Many a times it has been witnessed that PLM service providers are unable to communicate the functioning and benefits of the PLM solution to their clients. Or, they are more than willing to bend over backwards to accommodate client demands in order to sell their product without sparing a thought to the long-term consequences.

PLM has standard tools and features though it does allow a fairly large degree of customization. However, the customization is secondary in the sense the primary functionalities remain the same. Then again, PLM does not function in silo and has to be integrated with the rest of the operating system which means that even if there is problem with one rung, the entire supply chain will be disturbed, defeating the very purpose of implementing the software.
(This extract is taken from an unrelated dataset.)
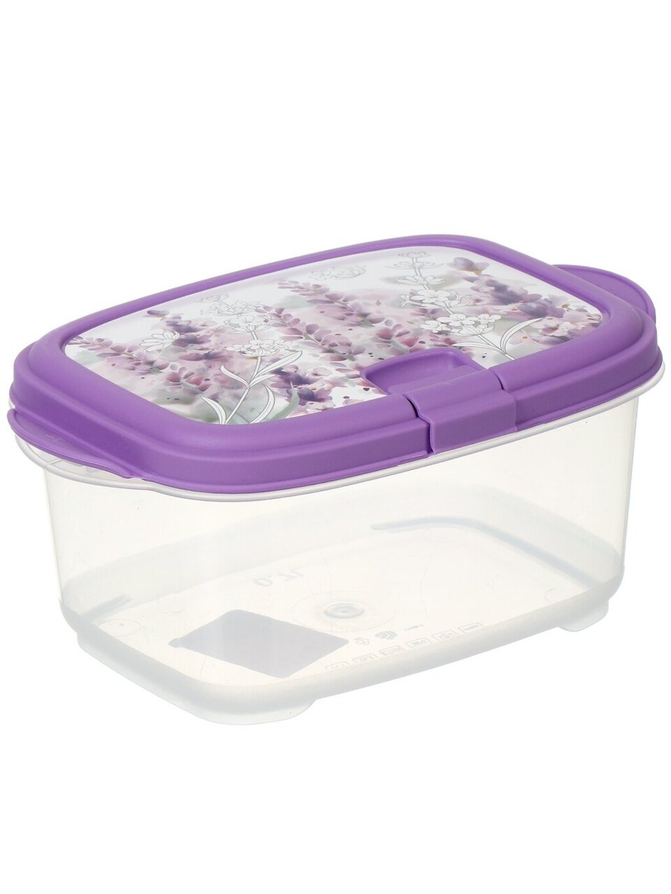 Контейнер пищевой Полимербыт Lavender 0.7 л: компактное хранение продуктов без запаха, клапан для свежести, подходит для СВЧ и посудомоечной машины.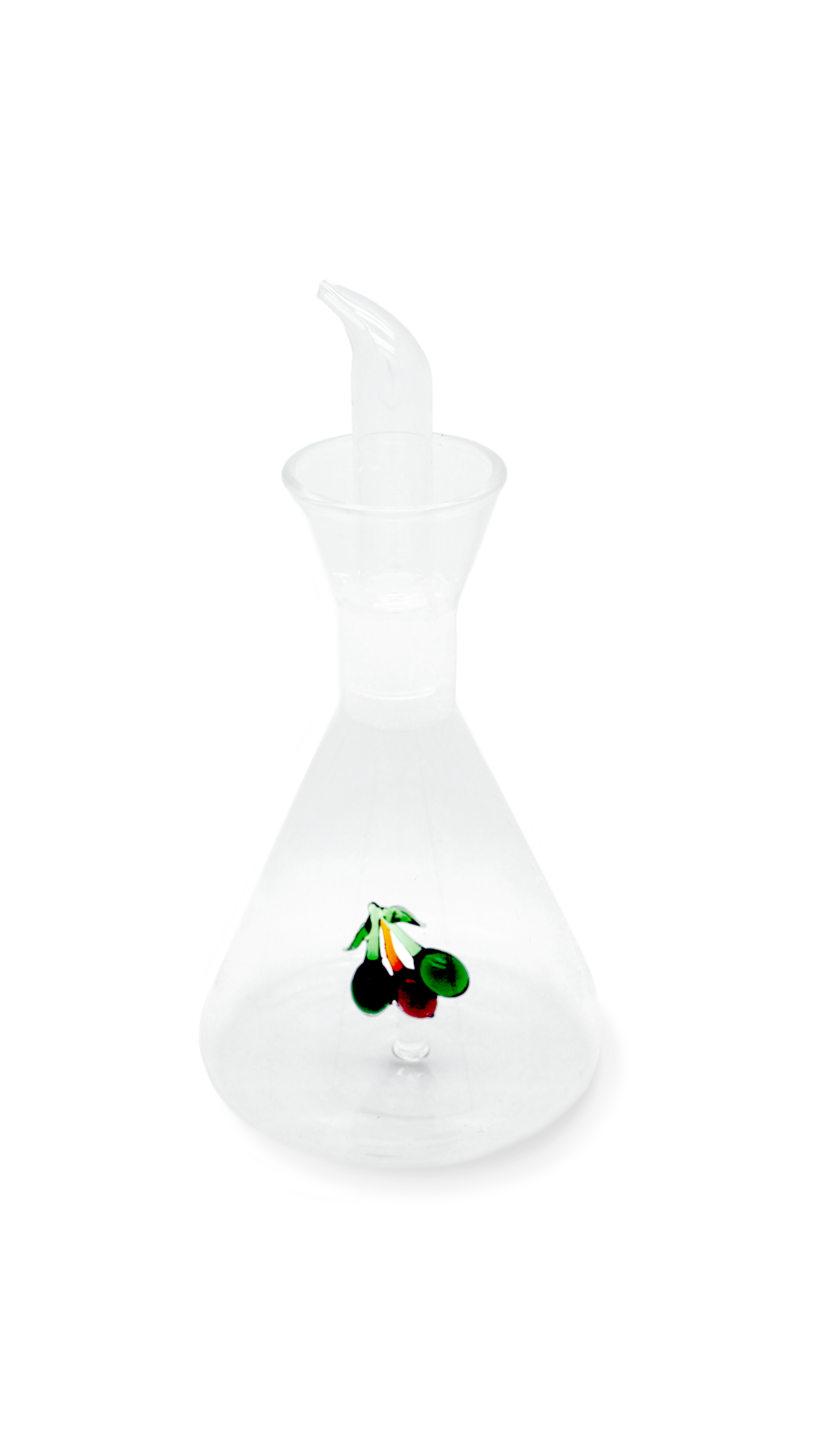 Gesmolten glas wordt in een mal geblazen en vervolgens, terwijl het nog heet is, doorboord om een unieke elliptische holte te vormen. Door dit opvallende gat ontstaat een handvat voor het uitschenken van water of wijn.

While the manufacturing company is trained to operate the PLM solution, the ultimate responsibility to provide post implementation and support services lies with the service provider. In a situation when the manufacturer is unable to extract value out of the PLM he will approach the service provider to ask for change in tools or at times, even replacement. As soon as the service provider plugs one loop hole, another one arises and what results is a vicious cycle and a lose all situation for both.

To avoid this situation, both the manufacturer and PLM service provider must sit together and work out a blue print that clearly showcases functioning and benefits. The manufacturers should clearly identify the business challenges and focus on what they want to achieve out of PLM before going ahead with a PLM project. They should then communicate clearly to the service providers the mission critical project. The service providers, in turn, should be upfront and transparent with their clients so that there are minimum or no post-implementation issues that would drag them both down.

As a service provider, you may go the extra mile to accommodate client request but ultimately this could turn out to be a case of being penny wise and pound foolish. An ideal option is to meet, communicate and lay all cards on the table right from pre- to-post implementation costs, benefits and returns.